Thursday, September 10, 2009

You're in Timeout

I recently had an issue with some code I wrote to connect to a service with a "rest like" interface that returns XML data given a simple query over a HTTP GET request.

I used that java.net.URL class to send the query and retrieve the results as follows..

private InputStream executeQuery(String query) {

InputStream rawResults = null;

try {
query = baseUrl + "?query=" + query;
if(LOG.isDebugEnabled()) {
LOG.debug("Full Query : " + query);
}
URL request = new URL(query);
rawResults = request.openStream();
}
catch (IOException e) {
LOG.warn(e.getMessage(), e);
}

return rawResults;
}

If the host on which this service runs is down (or doesn't exist) before URL.openStream() gets invoked, a java.net.UnknownHostException is quickly thrown (within about 4000 milliseconds), the catch block is executed, and the process goes on.

However, if the service goes down after the socket connection is made, but before the data is read back from the service, this method call to URL.openStream will block indefinitely by default.

Eric Burke has written a post defining this problem and a simple solution, which can be found here.

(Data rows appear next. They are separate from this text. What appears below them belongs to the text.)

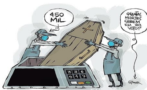
FIGURA 12: Brasil em charge.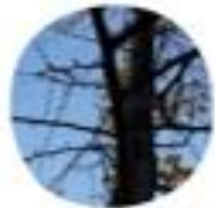
Ginkgo biloba Dvočrni ginko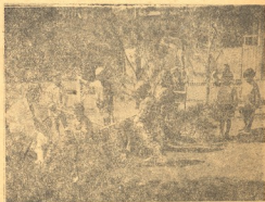
120 საბავშვო კერის ბავშვები ბოსტანში მუშაობენ.

გავიხადეს ტანისამოსი, თქაფუნით გა- ირბინეს წყალი და გაღმა გავიდნენ. ისინი რიგრიგობით აღიოდნენ ტირიფებზე და იქიდან ხტებოდნენ წყალში, ხანაც ერთ- მანეთს ახტებოდნენ ზურგზე. ცურვა და ტირიფებიდან ხტომა რომ მობეზრდათ, მერე თავიანთი ჯოხები აიღეს და ისევ მდინარეს ჩაუდგნენ. დაინახავდნენ თუ არა თევზს, მას ნელნელა გაიტყუებდნენ სი- ლაზე და გრძელი ჯოხი მოულოდნელად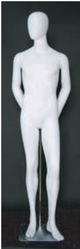
- MD - 6116 . B - B -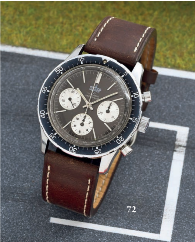
72 - CODHOR CHRONOGAPHE SPORT PANDA / INCABLOC 4 ATM - N° 442760 VERS 1969 Rare chronographe sport dit « 4 Atmosphère », dans la lignée des productions Jaeger France produit par les ateliers Dodane (boîtier similaire). Boîtier en acier à grande ouverture avec une lunette bidirectionnelle graduée sur 60 et fond vissé (signé étanche 4 ATM, Incabloc et numéroté). Cadran anthracite métallisé à trois compteurs argentés en creux : petite seconde à 9 h, compteurs des minutes à 3 h et des heures à 6 h. Échelle intérieure tachymétrique sur le rehaut, index appliqués et aiguilles lance luminescentes. Bracelet en cuir sport rapporté. Mouvement : calibre mécanique remontage manuel / Valjoux 72 Swiss Diamètre : 41 mm État : Bon état ( Écrin de transport )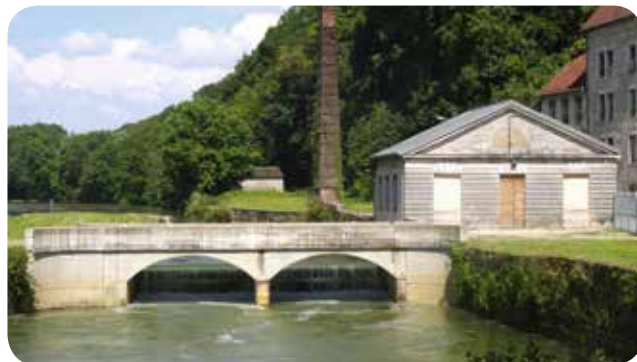
➤ L'installation actuelle avec les 2 groupes VLH immergés et le local technique réaménagé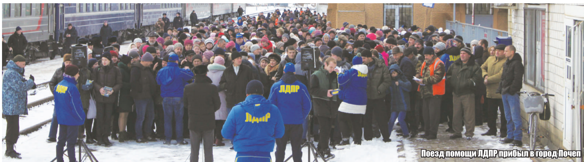
Поезд помощи ЛДПР прибыл в город Почеп

3 дня, с 5 по 7 декабря, поезд помощи ЛДПР курсировал по Брянской области. Первая остановка состоялась в Комаричах, далее через Брасово и Навлю поезд проследовал в Брянск, после чего в Сельцо и Климово. Конечной станцией в Брянской области стали Выгоничи.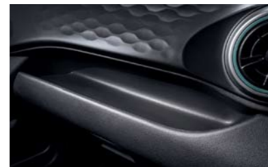
Área de almacenamiento práctica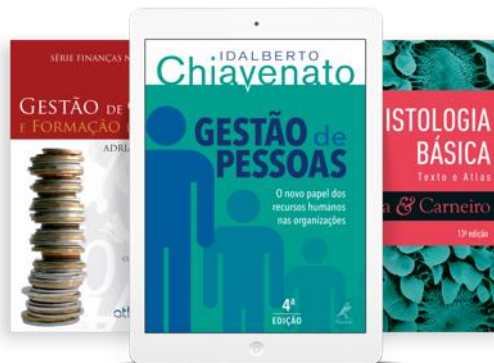
Ciências Sociais Aplicadas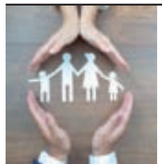
Desfrutar do tempo libre con familia ou amigos

The solution is to set the read timeout on the URLConnection so that you can break after so many milliseconds if you are't getting the data back.

For example:

private InputStream executeQuery(String query) {

InputStream rawResults = null;

try {
query = baseUrl + "?query=" + query;
if(LOG.isDebugEnabled()) {
LOG.debug("Full Query : " + query);
}
URL url = new URL(query);
URLConnection conn = url.openConnection();

// Seems set to 4000ms by default already.
conn.setConnectTimeout( 4000 );

// Set to 0 by default, T/O never occurs!
conn.setReadTimeout( 10000 );

rawResults = conn.getInputStream();

} catch (java.net.UnknownHostException e) {
LOG.warn("Could not make connection to
host within the allotted connectTimeout", e);
} catch (java.net.SocketTimeoutException e) {
LOG.warn("Could finish reading data from the
socket within the allotted readTimeout", e);
}

return rawResults;
}

Now as the catch blocks indicate, the host can go down, or the service can be unresponsive before or during the read, and we'll cut out after our chosen timeout.